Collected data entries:
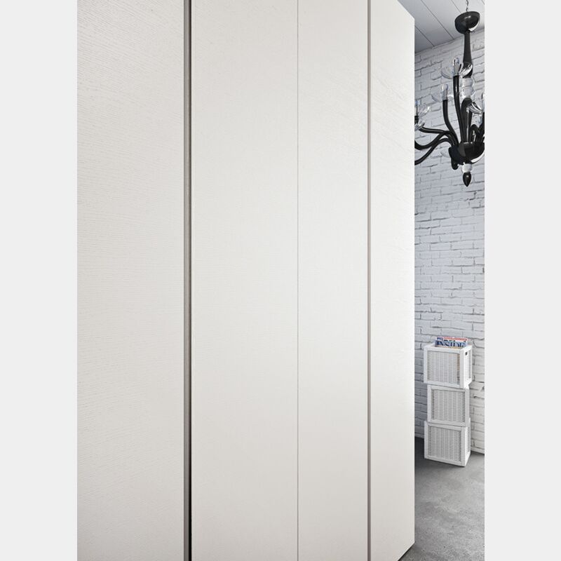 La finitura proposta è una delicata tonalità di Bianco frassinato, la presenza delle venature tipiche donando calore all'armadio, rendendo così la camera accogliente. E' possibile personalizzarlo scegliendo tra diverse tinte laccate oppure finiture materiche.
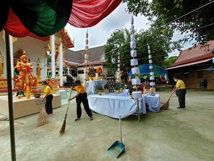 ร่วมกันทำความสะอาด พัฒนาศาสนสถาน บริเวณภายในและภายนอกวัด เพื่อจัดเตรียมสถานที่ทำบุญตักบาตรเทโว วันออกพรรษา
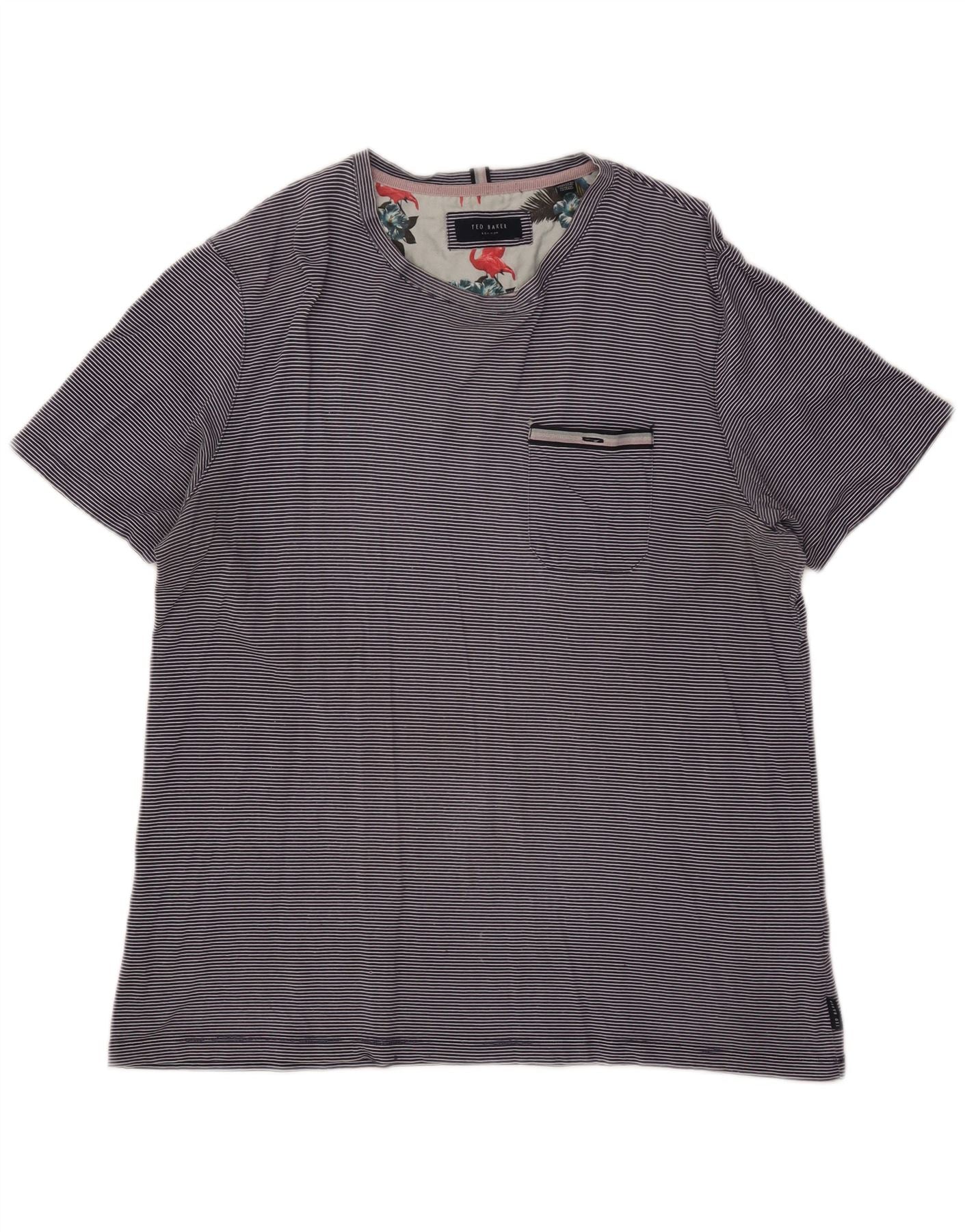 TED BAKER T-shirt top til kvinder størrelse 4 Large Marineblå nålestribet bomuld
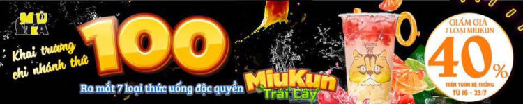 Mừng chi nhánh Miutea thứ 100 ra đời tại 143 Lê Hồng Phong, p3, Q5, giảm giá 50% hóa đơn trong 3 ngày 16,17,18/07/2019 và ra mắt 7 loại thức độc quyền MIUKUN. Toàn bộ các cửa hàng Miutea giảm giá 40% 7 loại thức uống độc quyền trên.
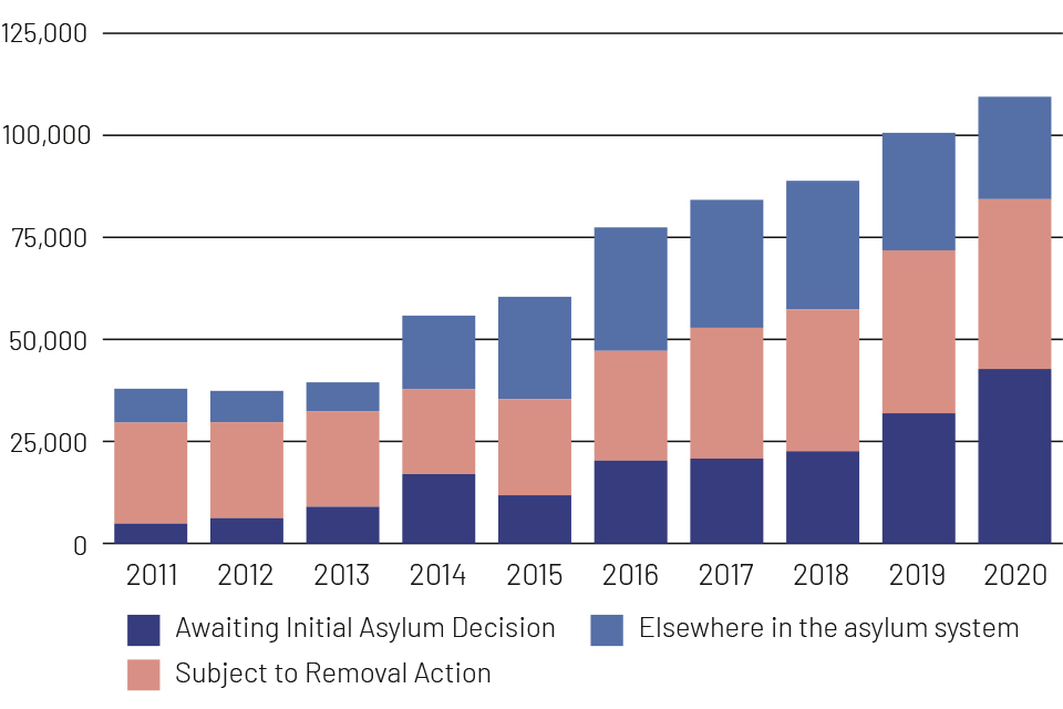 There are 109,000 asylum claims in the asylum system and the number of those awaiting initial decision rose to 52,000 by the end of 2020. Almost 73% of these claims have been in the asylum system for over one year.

* **Exercise directions**
Up to and including the line with "ร่วมกันทำความสะอาด พัฒนาศาสนสถาน บริเวณภายในและภายนอกวัด", copy the data above from its first line. Skip pictures.

* **Reply to the task**
 La finitura proposta è una delicata tonalità di Bianco frassinato, la presenza delle venature tipiche donando calore all'armadio, rendendo così la camera accogliente. E' possibile personalizzarlo scegliendo tra diverse tinte laccate oppure finiture materiche.
 ร่วมกันทำความสะอาด พัฒนาศาสนสถาน บริเวณภายในและภายนอกวัด เพื่อจัดเตรียมสถานที่ทำบุญตักบาตรเทโว วันออกพรรษา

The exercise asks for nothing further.